Assigned task:
Transcribe the data below verbatim from the line with "From the Sowden" to the line with "- Gotowe trójkąty". Include both of those lines.

Entries supplied:
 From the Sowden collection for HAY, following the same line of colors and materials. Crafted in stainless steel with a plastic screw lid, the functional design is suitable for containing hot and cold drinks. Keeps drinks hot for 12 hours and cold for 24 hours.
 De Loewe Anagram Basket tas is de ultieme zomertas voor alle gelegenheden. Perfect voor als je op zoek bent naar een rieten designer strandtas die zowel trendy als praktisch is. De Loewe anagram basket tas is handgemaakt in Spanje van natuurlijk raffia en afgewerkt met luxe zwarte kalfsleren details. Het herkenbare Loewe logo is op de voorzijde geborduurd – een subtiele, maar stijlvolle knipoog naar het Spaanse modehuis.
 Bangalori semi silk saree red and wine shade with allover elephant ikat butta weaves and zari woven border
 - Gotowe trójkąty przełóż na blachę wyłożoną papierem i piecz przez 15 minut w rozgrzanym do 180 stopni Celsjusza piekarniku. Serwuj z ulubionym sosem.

* * *

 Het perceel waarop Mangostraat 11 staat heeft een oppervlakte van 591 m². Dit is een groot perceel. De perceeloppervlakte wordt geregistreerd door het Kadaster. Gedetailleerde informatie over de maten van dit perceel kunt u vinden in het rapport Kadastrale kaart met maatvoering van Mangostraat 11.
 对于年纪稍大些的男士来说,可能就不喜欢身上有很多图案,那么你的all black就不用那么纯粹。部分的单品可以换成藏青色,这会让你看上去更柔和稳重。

Expected answer:
 From the Sowden collection for HAY, following the same line of colors and materials. Crafted in stainless steel with a plastic screw lid, the functional design is suitable for containing hot and cold drinks. Keeps drinks hot for 12 hours and cold for 24 hours.
 De Loewe Anagram Basket tas is de ultieme zomertas voor alle gelegenheden. Perfect voor als je op zoek bent naar een rieten designer strandtas die zowel trendy als praktisch is. De Loewe anagram basket tas is handgemaakt in Spanje van natuurlijk raffia en afgewerkt met luxe zwarte kalfsleren details. Het herkenbare Loewe logo is op de voorzijde geborduurd – een subtiele, maar stijlvolle knipoog naar het Spaanse modehuis.
 Bangalori semi silk saree red and wine shade with allover elephant ikat butta weaves and zari woven border
 - Gotowe trójkąty przełóż na blachę wyłożoną papierem i piecz przez 15 minut w rozgrzanym do 180 stopni Celsjusza piekarniku. Serwuj z ulubionym sosem.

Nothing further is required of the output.